Print all of the data below exactly as it appears, leaving out every image.

▸ **DATA BLOCK**
□ □ □

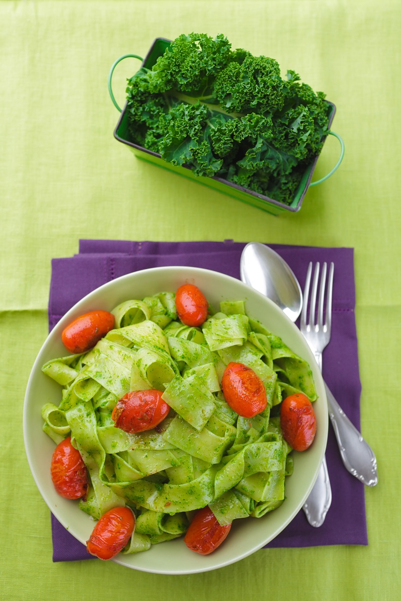 Vegan kale pesto pasta salad
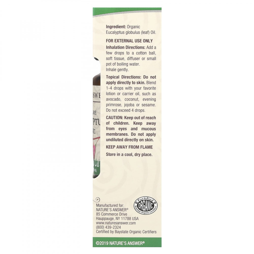 Nature's Answer, Органическое эфирное масло, 100% чистый эвкалипт, 15 мл
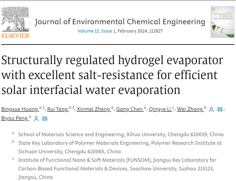 近日,材料科學(xué)與工程學(xué)院彭必友教授團(tuán)隊(duì)在國際一流的環(huán)境化學(xué)工程學(xué)報(bào)雜志Journal of Environmental Chemical Engineering(Q1,IF: 7.7)發(fā)表題為“Structurally regulated hydrogel evaporator with excellent salt-resistance for efficient solar interfacial water evaporation”的研究論文。黃冰雪博士、研究生唐銳為論文的第一作者,四川大學(xué)高分子材料工程國家重點(diǎn)實(shí)驗(yàn)室張偉教授、西華大學(xué)材料科學(xué)與工程學(xué)院彭必友教授為通訊作者。該項(xiàng)研究工作得到了四川省科技廳重點(diǎn)研發(fā)項(xiàng)目(Grant Nos. 2022YFG0366; 2023NSFSC04430)的支持。
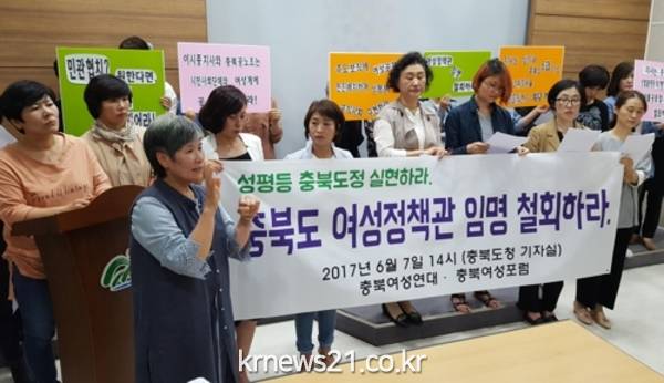 개방형 직위인 충북도 여성정책관의 공무원 임용을 둘러싼 지역 여성계의 반발이 수그러들지 않고 있다. 충북여성연대와 충북여성정책포럼 소속 여성단체 회원들은 7일 도청에서 기자회견을 열고 "여성정책관의 임명을 철회하라"고 촉구했다.

□ □ □

▸ **EXERCISE RESULT**
 Vegan kale pesto pasta salad
 Nature's Answer, Органическое эфирное масло, 100% чистый эвкалипт, 15 мл
 近日,材料科學(xué)與工程學(xué)院彭必友教授團(tuán)隊(duì)在國際一流的環(huán)境化學(xué)工程學(xué)報(bào)雜志Journal of Environmental Chemical Engineering(Q1,IF: 7.7)發(fā)表題為“Structurally regulated hydrogel evaporator with excellent salt-resistance for efficient solar interfacial water evaporation”的研究論文。黃冰雪博士、研究生唐銳為論文的第一作者,四川大學(xué)高分子材料工程國家重點(diǎn)實(shí)驗(yàn)室張偉教授、西華大學(xué)材料科學(xué)與工程學(xué)院彭必友教授為通訊作者。該項(xiàng)研究工作得到了四川省科技廳重點(diǎn)研發(fā)項(xiàng)目(Grant Nos. 2022YFG0366; 2023NSFSC04430)的支持。
 개방형 직위인 충북도 여성정책관의 공무원 임용을 둘러싼 지역 여성계의 반발이 수그러들지 않고 있다. 충북여성연대와 충북여성정책포럼 소속 여성단체 회원들은 7일 도청에서 기자회견을 열고 "여성정책관의 임명을 철회하라"고 촉구했다.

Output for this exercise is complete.